Sunday, August 28, 2011

Weighing in ...

... The future of book reviewing and one cranky man… | The Book Haven. (Hat tip, Dave Lull.)

If you click on the second link, you will see the comment from Jeff Sypek. To which I will now respond, in a way that I am sure would dismay most newspaper executives. To wit:

One must understand that the position of most such executives on this is a combination of vincible ignorance and hypocrisy. Notice that they never care if the local teams advertise in the sports pages (which, of course, they do not). Also, back in the day, when newspapers were practically the only game in town as far as advertising was concerned, to work in the advertising sales department of a newspaper meant managing an account.
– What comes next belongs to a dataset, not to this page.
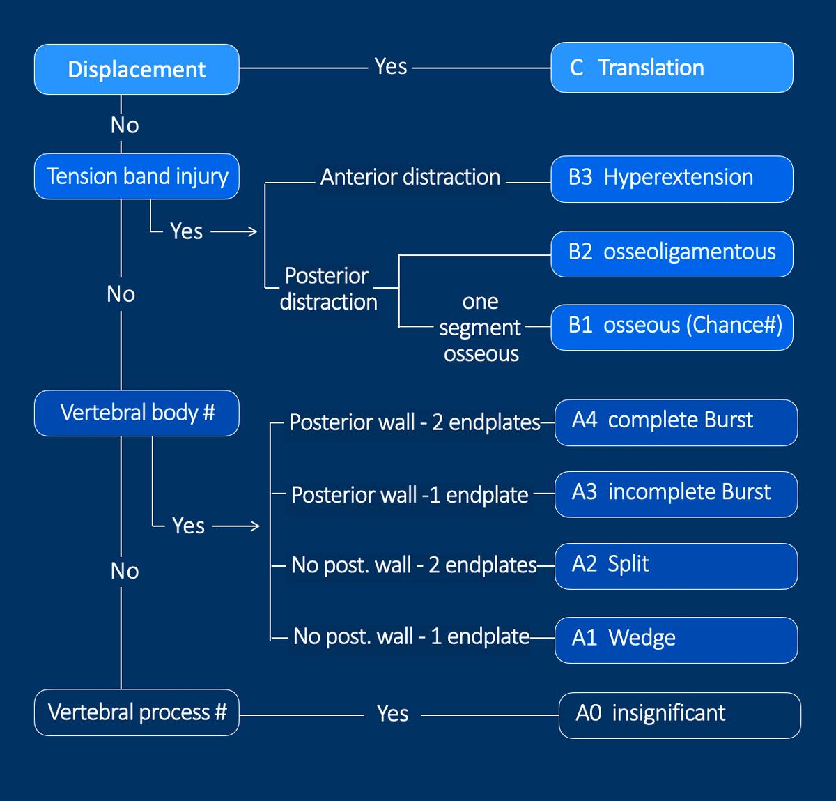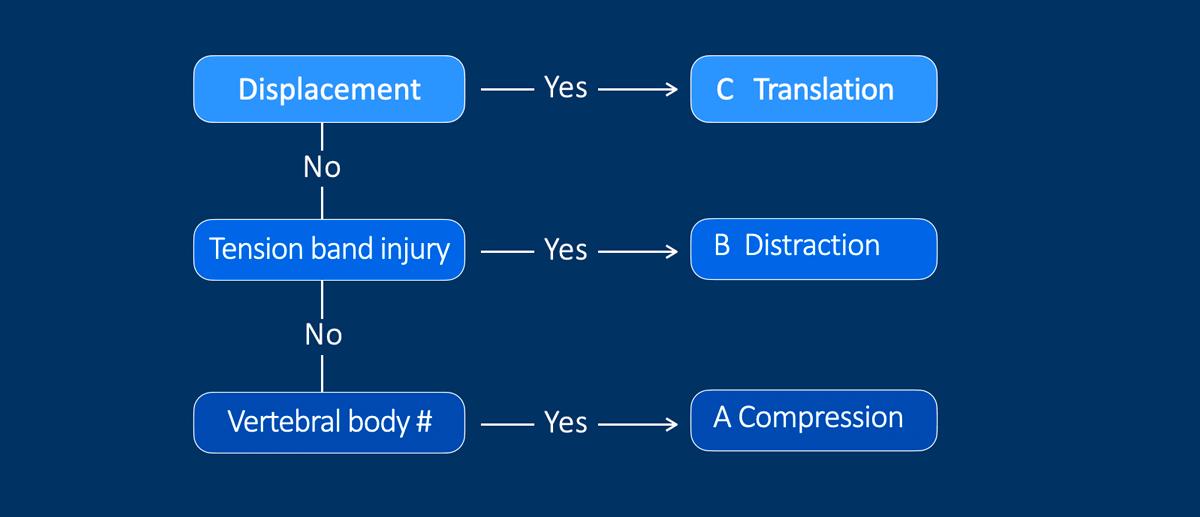 i.e. a translation injury (type C). - If it is not a C, then the next question is, whether there is an anterior or posterior tension band injury, i.e. a distraction injury (type B).

When it became necessary to actually start flushing out some business, newspaper advertising sales departments found they really couldn't do that very well.
My predecessor as book editor at The Inquirer, Mike Schaffer, told me that he had been called upon once -- by the advertising department -- to put out an entire section devoted to children's books, being assured that the advertising department would fill it with ads. To do that sort of section is a very complex matter, believe it or not. Mike, as professional a journalist as you are likely to encounter in this fallen world, pulled it off beautifully. How many ads did the section have? None.
I once proposed to the then editorial VP of Knight-Ridder an idea for K-R Books, a book section that would appear simultaneously in all 31 K-R cities every Sunday (the basic template would have come out of Philly, but would be modified by local content as well). I was told they couldn't possibly do that, since it would be to denigrate their other book editors. No problem a couple of years later, though, when they found it expedient to fire most of said editors.
I could go on, but the point is that a book section would attract more readers to a newspaper -- even a lot of people who watch baseball read -- and the more readers you have, the more advertisers you get.
Newspapers flap their wings hoping to attract young readers by reviewing pop music, but those (theoretical) young reader don't care what newspapers think about what they're listening to. I certainly didn't care that the local pop music reviewers thought little of Elvis when I was in high school. I also wouldn't have cared if they'd thought the world of him.
But the experience of listening to music is fundamentally different from the experience of reading. Readers want to know what others have to say about what they have read. It's an extension of the reading experience. Reading about the music you have heard is not an extension of the listening experience.
Maybe if more newspaper executives did some reading of their own, they would understand.


  1. Frank, this is more or less what I thought you'd say, but thanks for spelling it out--and for the very telling anecdotes.

    Your last point reminds me of how for more than 15 years, the Washington Post has been trying to lure young people with reviews of video games and hip-hop concerts, apparently misunderstanding how many outlets are already devoted to discussing those subjects with greater affection and thoroughness. Time has shown them to be unlikely and unsuccessful ways to lure new readers to old media.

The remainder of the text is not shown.